# Kubota M95S



## MtnHerd (Jul 6, 2011)

I have come across a Kubota M95S for sale, but can't find a lot out about them. A lot of talk about the M9000 and M9540, and a lot of talk about the larger X and DX series, but not a lot about these. It seems like they have the frame of the larger series, but the cab of the smaller. Weight is kind of in the middle of them, too. The big question is it seems the have a funky transmission. Do you shift the 4 gears like normal, and then have a slot to slide the shifter in for an over/under gear? And then besides the normal high and low range you have an over/under for that? Tried to find videos of it actually being used, but just found one showing how it shifts while the tractor was off. I guess I need to go drive one, but it seems overly complicated for what it does. I see a lot of those on contract mowing tractors, just wonder how they hold up and ease of use. I am assuming they are better than the 12 speed, 3-range transmission I have now. For the money it seems like a hard tractor to beat, if everything is good.


----------



## slowzuki (Mar 8, 2011)

They are a mid sized tractor married parts from the smaller tractors to some parts from the larger m series, I believe rear axle casting and rear three point hitch and front axle maybe?

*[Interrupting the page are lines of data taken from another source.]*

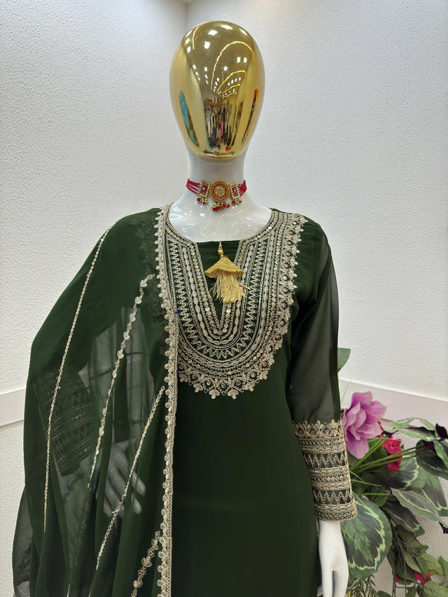 Glorious Coding Sequence Embroidery Green Color Sharara Suit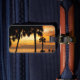 The sun setting in Tarpon Springs, Florida with a family playing in the background. The sun was especially vibrant that day with yellow, orange, red and grey swirling in the sky. The silhouetted palm trees on the beach really give the photo a tropical feel.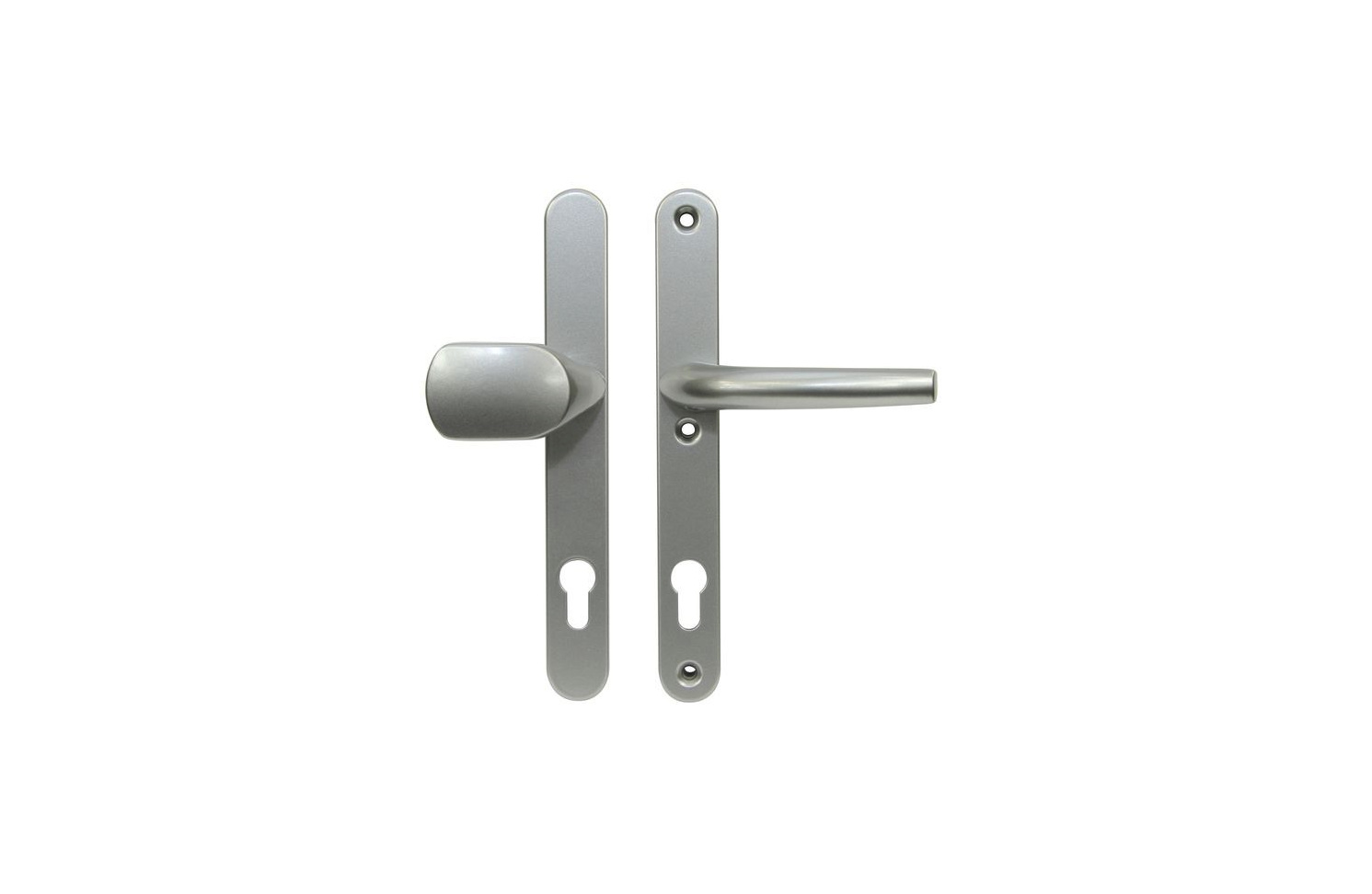 • Štítové kování z hliníku s pevně uloženou klikou vhodné pro vstupní plastové dveře.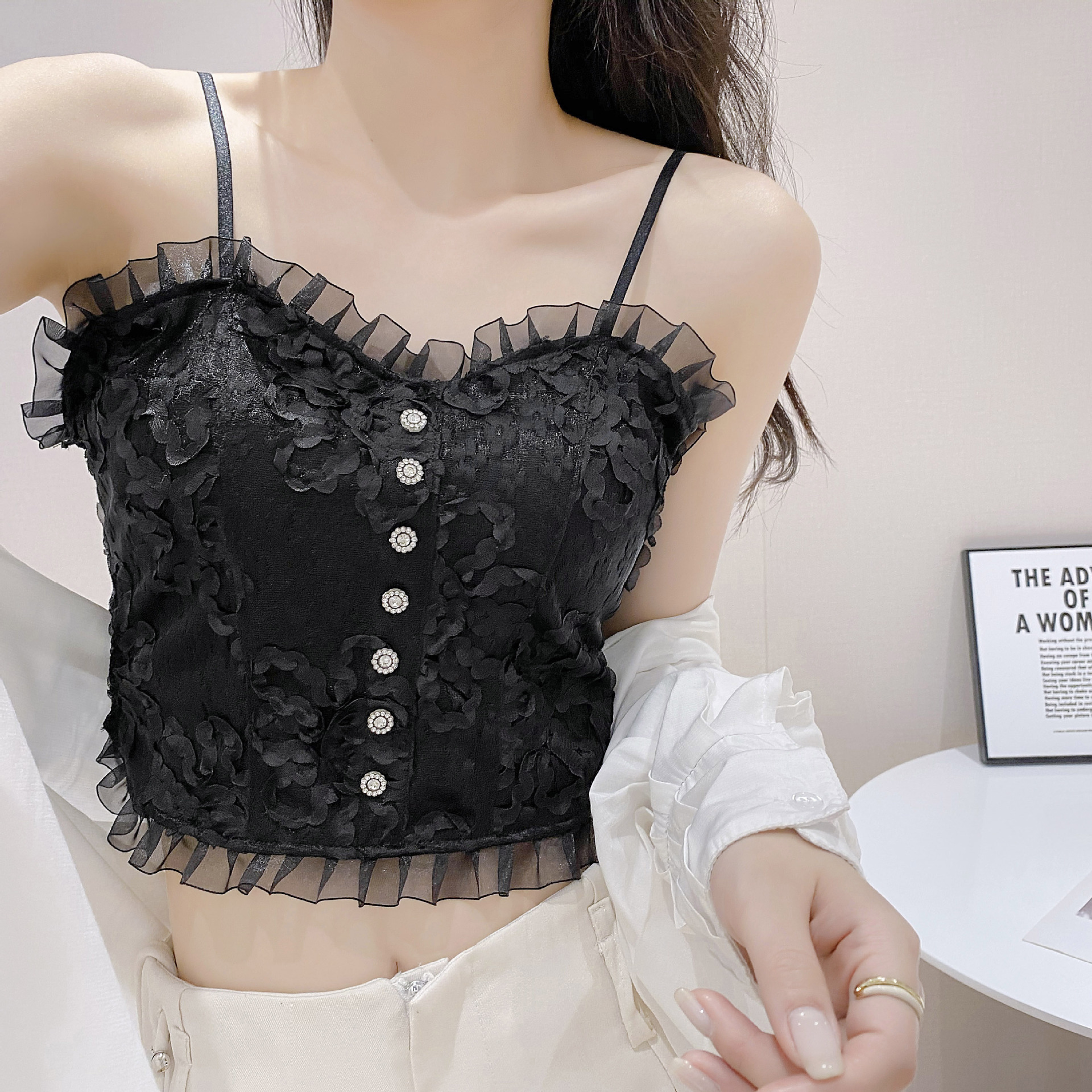 순수한 욕망 레이스 스타일 귀여운 카미솔 여성의 여름 외부 착용 내부 스파이스 소녀 레이스 짧은 화이트 올 매치 탑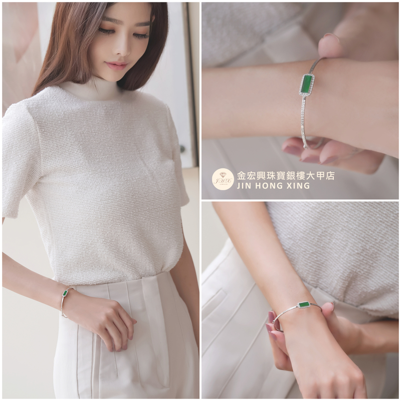 必Buy款式陽綠翡翠鑲鑽手環,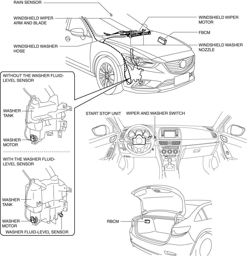 Windshield wiper/washer system with continuous (low/high), auto-stop, one-touch wiper, intermittent wiper, and synchronized washer and wiper operation adopted.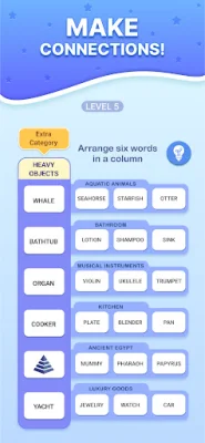 In each level, you'll be presented with a group of seemingly random words. Your goal is to figure out how they are related, whether it be by category, theme, or concept. This requires you to think outside the box and make connections that may not be obvious at first glance.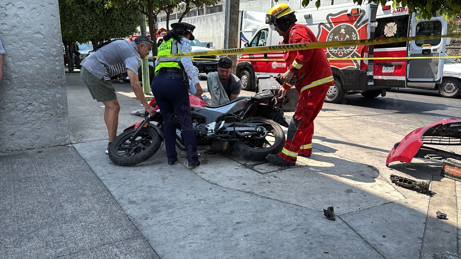 A su arribo localizaron a cuatro personas heridas, tres hombres y una mujer, uno de los hombres era quien estaba a bordo de su motocicleta.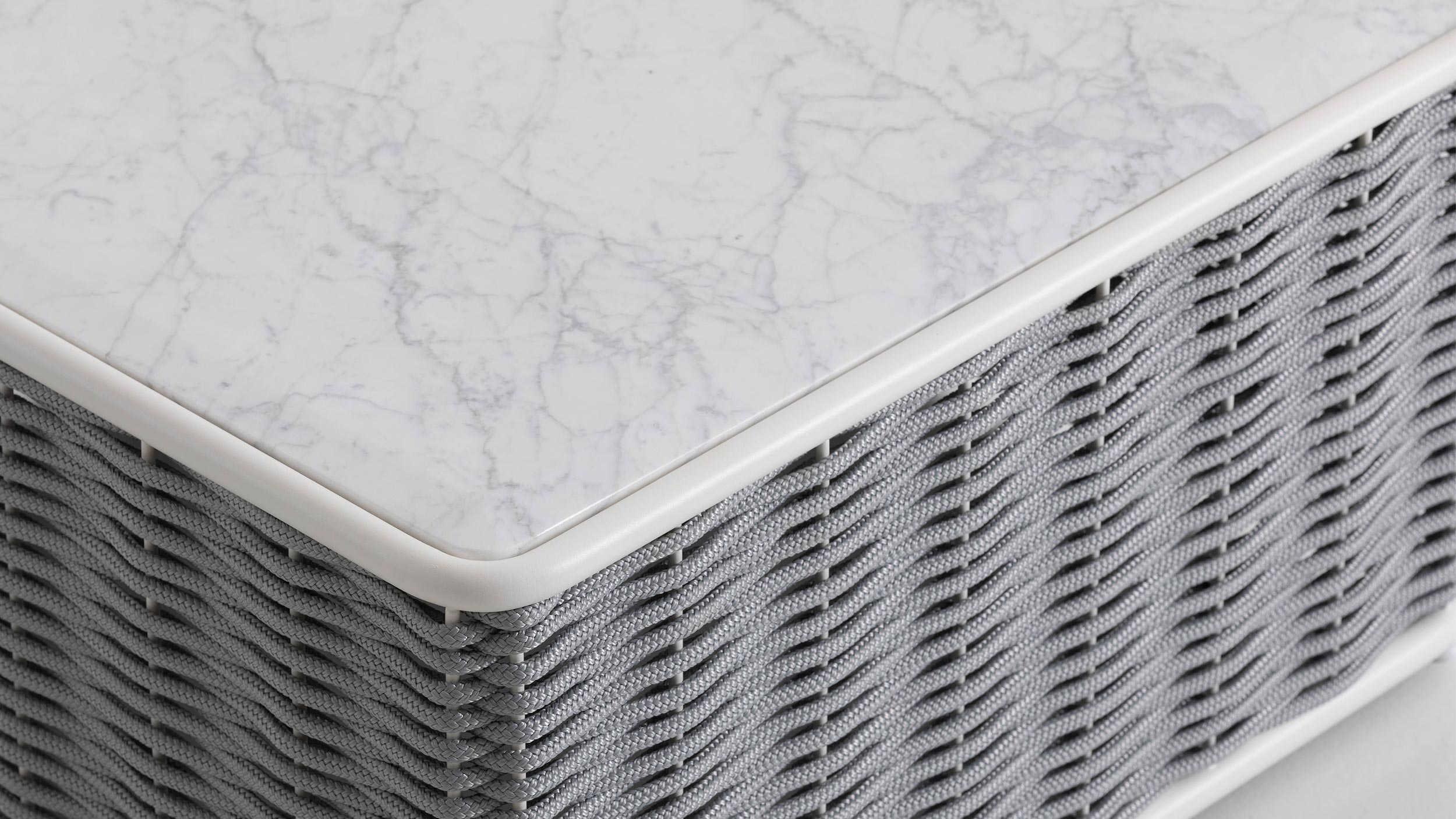 The Marina coffee table stands out for its geometric, compact design, perfectly blending into the most elegant outdoor spaces. The entire structure is hand-woven with rope, following the distinctive aesthetic of the Marina collection, giving the piece a refined and tactile character while balancing structural solidity with visual lightness.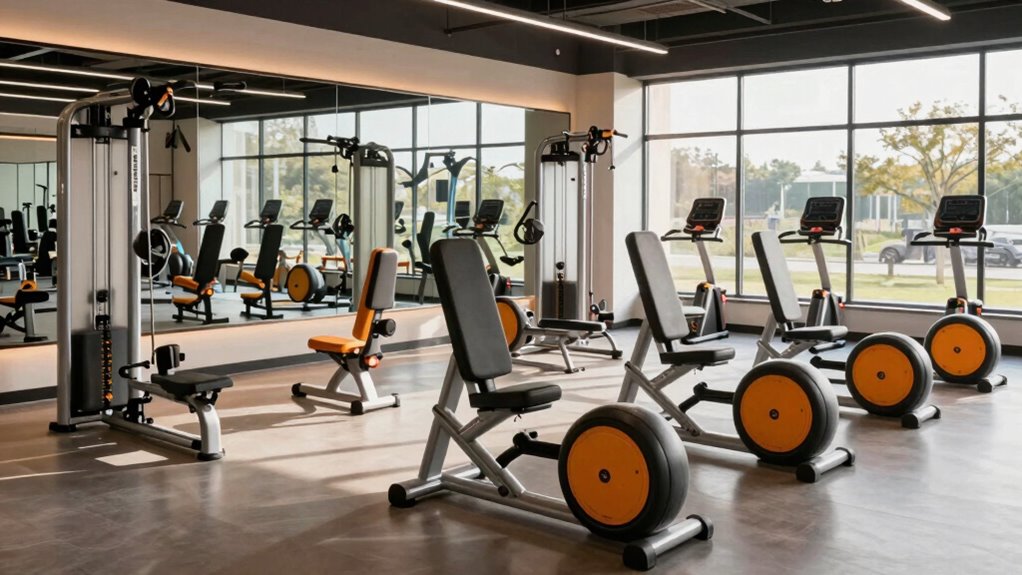 Choosing the right functional trainer can feel overwhelming, especially if space is tight. I recommend considering the machine’s footprint first; some compact trainers occupy as little as 4.72 square feet, perfect for apartments or small gyms. Wall-mounted designs are fantastic, as they fold away when not in use, freeing up floor space. Look for adjustable height settings for pulleys, which help adapt various exercises in limited areas. It’s essential to check the total weight capacity and construction materials too; sturdy machines guarantee stability during intense workouts. Finally, machines with multiple exercise stations—like cable crossovers and pull-up bars—let you enjoy a thorough workout without needing extra equipment. Prioritizing these features will make your selection process much easier!

The swing shift has the 4 main gears, a non sync range shift on its own shifter, a sync range change on the main shifter and the swing shift plus models have a gear splitter that is a powershift.

There's deutz fahr tractors and a few masseys with similar shifter setup of pushing the main shifter to the side for a sync range change. They don't have a lineage within Kubota but I've not heard anything bad about them. Friend has one he likes it.


----------